Deep in California’s Sierra Nevada forests, an unlikely fire specialist thrives where others flee. The black-backed woodpecker has evolved as nature’s perfect post-fire opportunist, swooping into recently burned areas to feast on beetles and nest in fire-hollowed trees. The steady drumming of their bills against charred bark has become a familiar soundtrack in California’s burn zones.

This remarkable adaptation highlights the complex relationship between wildlife and wildfire that has shaped California’s ecosystems for millions of years. Many bird species actually depend on periodic fires to create ideal habitat—flames open dense forest canopies, boost insect populations, and generate the mosaic of burned and unburned patches that diverse wildlife communities need to flourish.

However, this delicate balance now faces unprecedented disruption. The moderate, mixed-severity fires that historically supported species like the black-backed woodpecker are increasingly being replaced by catastrophic “megafires” that leave devastation in their wake. Over the past decade, more than 13 million acres have burned across California, with 2020 alone seeing massive blazes tear through vast swaths of habitat.

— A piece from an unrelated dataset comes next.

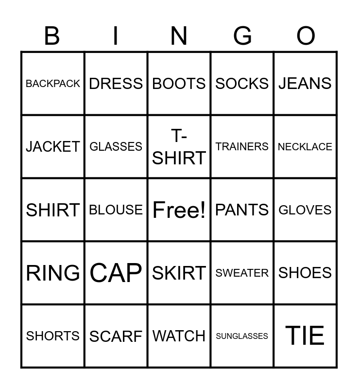 This bingo card has a free space and 25 words: CAP, WATCH, T-SHIRT, SHORTS, JEANS, BACKPACK, JACKET, DRESS, PANTS, SKIRT, TRAINERS, SHIRT, SWEATER, SHOES, GLASSES, COAT, GLOVES, BOOTS, NECKLACE, BLOUSE, TIE, SCARF, RING, SOCKS and SUNGLASSES.

“While it’s ephemeral, it’s a native habitat of California that many species rely on and have evolved with over millions of years,” explains UCLA ornithologist Morgan Tingley, who studies fire’s impact on bird populations. The challenge now is understanding how California’s fire-adapted birds will cope as their natural partner—periodic, moderate wildfire—transforms into something far more destructive and unpredictable.